She was just about to sit down when Jonah asked his question. Immediately she walked away from the barstool and pointed a stern finger at him. “Do not speak his name around me right now if you expect to keep all your fingers and toes, Jonah Mason. I will cut them off out of pure, unadulterated annoyance. Don’t push me.”
We all watched her stomp into the kitchen, cursing Charlie the entire way. On second thought, maybe Charlie wasn’t milking his surgery but simply avoiding Hurricane Ada. Because yeah... I’d be scared to come back to work too.
Honestly, I knew we were lucky to still have Ada. And Miles, for that matter. Although we were more reliant on Ada’s full-time position, so she would have been the bigger loss.
I wasn’t even sure we could run Craft without her. She did so much and was in charge of so much that without her, we’d be irrevocably fucked.
“Wow,” Jonah said with a whistle through his teeth. “What did I miss?”
Oh, just about five years of choking sexual tension, constant bickering, and two people who loved each other and also really hated each other. But out loud, I said, “I think she’s still pissed at Charlie for not taking care of himself.”
He gave me a wide-eyed look. “You think?”
I couldn’t help but laugh.

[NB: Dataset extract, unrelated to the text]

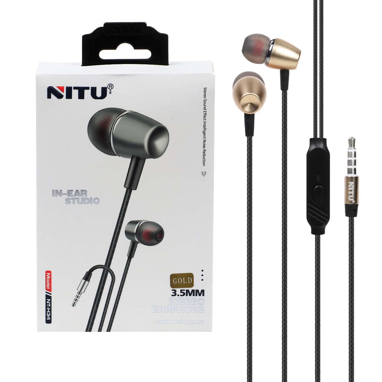 هندزفری با سیم NITU مدل H34 - مشکی طلایی

I bumped his shoulder with my shoulder. Everything he did was funny. And flirty. And... Will was watching us.
I straightened and took a sip of my drink. “This might be too sweet for you,” I told Jonah. “But I think it’s delicious.”
Will slid another one in Jonah’s direction. “What are you doing here tonight? I’m surprised to see you since you’ve been so swamped with work lately.”

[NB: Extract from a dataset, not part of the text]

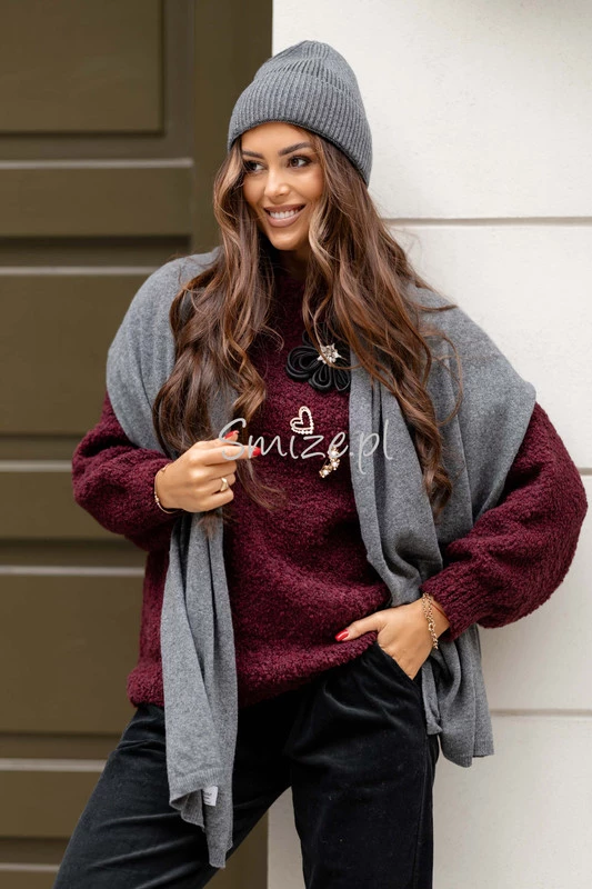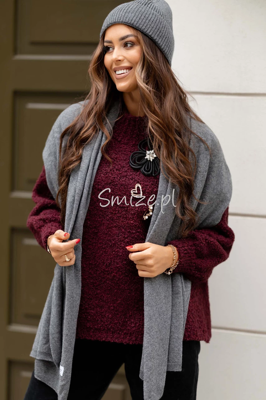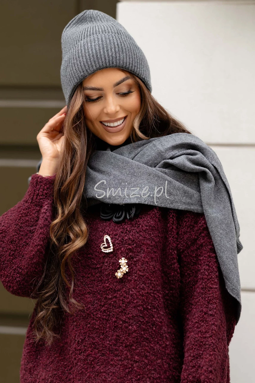 Opinie o Komplet kaszmirowy ciemny szary, szal z czapką CASHMERE

My cheeks turned a brighter shade of red. Is that what he’d told Will?
“Is Lola here?” Jonah asked, doing a big, fake look around the room.
“Yeah, she’s in the back taking a break.” Will went back to scrubbing the clean countertops.
In an attempt to change the subject, Jonah said, “Did you hear that The Social Club is closing?”
Will and I both straightened to attention. That was big news. The Social Club, or TSC as locals called it, had been the new thing in Durham last summer. We’d all been there and had a great time.
They were a cocktail bar and changed their menu seasonally as we did. But they’d been all modern and trendy with lots of curated corners and styled backdrops. They used their cute spots to blast themselves all over social media. Everyone loved posting their hashtags with filtered pictures of themselves in front of their selfie spots. It was genius, free marketing.
And it had worked. When we went in late August, we’d had to wait an hour and twenty minutes before they let us in. And then we didn’t get a table for another hour after that. By the time we sat down, I’d been famished, only to find out they didn’t have a kitchen.
But they did have a platter of free bar snacks. We’d been shocked when they’d come out with huge bowls of fancy olives, asiago cheese crackers, and artisan nuts. We’d been so hungry that we asked for a second round. They hadn’t batted an eye.
“Was it the free snacks?” I asked solemnly.
Jonah nearly spit out his drink. “Yes, how did you know?”
“Lucky guess.”
He smiled at me, his gaze holding me captive and looking at me like... I didn’t know like what. Nobody had ever looked at me like that before.
Will made a thoughtful sound from the other side of the bar, shattering our moment. “It had to be more than the snacks,” he mused. “Their cocktails were expensive, and there was always a line out the door.”
“It was poorly managed,” Jonah put in, jumping back to reality like we weren’t hiding this huge secret from Will. From everyone. “That’s the rumor anyway. They spent too much. And they were way overstaffed.”
“Dang, it’s so hard to make it in this biz.” I sighed.
Will nodded. “No joke. It’s hard to find that balance of having enough employees so you don’t kill yourself or run people off and being able to pay them.”
Oh, shit. “That reminds me...” I gave Will my best repentant puppy eyes. “Case needs someone in the kitchen. He’s losing it. I put an ad on Indeed and talked to Bob to make sure we could afford to hire someone else. I have interviews starting tomorrow.”
Will looked as though he might have accidentally swallowed his tongue. “You did what?”
“He threatened to quit. Several times. And I see him struggling back there. We can’t just close the kitchen every time he’s not here. It’s getting its own reputation. People aren’t just coming for the drinks anymore, they’re coming for his food. But he deserves a day off every once in a while.”
Will took a deep, meditative breath... and then launched his attack. “Eliza, people come here for Case’s food. Is he going to make an official menu? Train this new staff to replicate what he does? Is he now the head chef and can tell everyone what to do? Or are you thinking these people are coming in as equals? What about pay?”